A condition in which scar tissue has grown around a disrupted nerve.
A stretched nerve.
Parsonage-Turner Syndrome (PTS), also referred to as idiopathic brachial plexopathy or neuralgic amyotrophy, is a rare disorder consisting of a complex constellation of symptoms with abrupt onset of pain in the shoulder, which is followed by progressive neurologic increasing of motor weakness, a reduced sense of touch, and numbness. Although the cause of the condition is unclear, it has been reported in various clinical situations, including following surgery, following treatment for infections, after an accident or trauma, or after receiving a vaccination. The identification of the syndrome in the postoperative patient remains a challenge as symptoms may easily be attributed to secondary consequence of surgery, recovery, or the anesthetic used for the surgery to block pain. Early recognition and treatment can have improved outcomes for patients.
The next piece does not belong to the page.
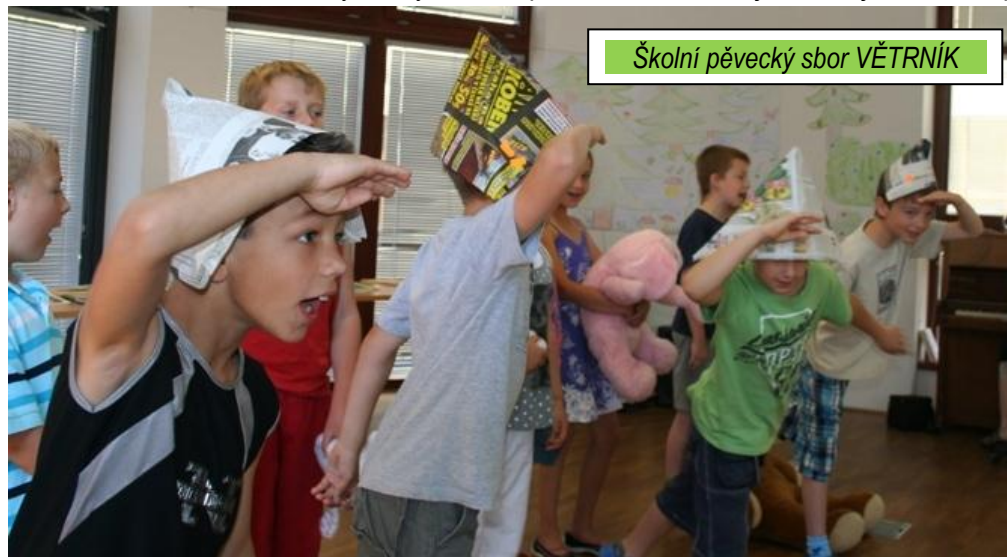
Školní pěvecký sbor VĚTRNÍK

Za prvé naše škola vstoupila do projektu „Pomáháme školám k úspěchu“ , který je pro všechny naše kolegy velkou výzvou a měl by se stát výzvou i pro všechny žáky a jejich rodiče. Projekt nám umožnil zaměřit se na pedagogický rozvoj školy, zvýšit efektivitu učení a podpořit osobní rozvoj každého žáka. Podpora, kterou jsme díky projektu získali, nám umožnila začít využívat asistentky pedagoga a také služby projektové konzultantky. To vše se odráží na práci pedagogů a je znatelná na výstupech žáků, např. v šetření Kalibro jsme se u řady tříd dostali do skupiny škol hodnocených v první desetině až třetím decilu zúčastněných škol. Excelentní výsledky dosáhli žáci 3. B v testech Kalibro a v testech Scio 6. B. S očekáváním se těšíme na výsledky šetření průzkumu Škola a já, které je finančně podpořeno, zřizovatelem městské části

Thoracic Outlet Syndrome (TOS) is a syndrome that can cause any combination of pain, weakness, numbness, tingling, a cold sensation or, sometimes, a more general type of discomfort in one or both upper limbs. This can be the result of compression of the vascular structures (arteries and/or veins), neurological structures (nerves between the shoulder and neck, known as the brachial plexus), or involvement of both the vascular and neurological structures. Learn more about TOS.
As the name suggests, winged scapula is a rare condition in which the shoulder blade juts out in a “wing-like” way from the back causing upper extremity limitations in lifting, pulling, and pushing. The condition results from an injury to the long thoracic nerve, which innervates (supplies nerves stimulus to) the serratus anterior muscle. Once this connection is disrupted, the joint becomes unstable and the scapula “pops” out of place. While usually caused by trauma, including brachial plexus injury, winged scapula may occur as the result of an isolated sports injury or a lymph node biopsy. Some patients with winged scapula are still able to use the arm on the affected side, but prompt treatment is recommended, even in instances when the condition is not caused by traumatic injury. An unstable shoulder may result in other conditions such as bursitis and chronic pain, and difficulty raising the shoulder.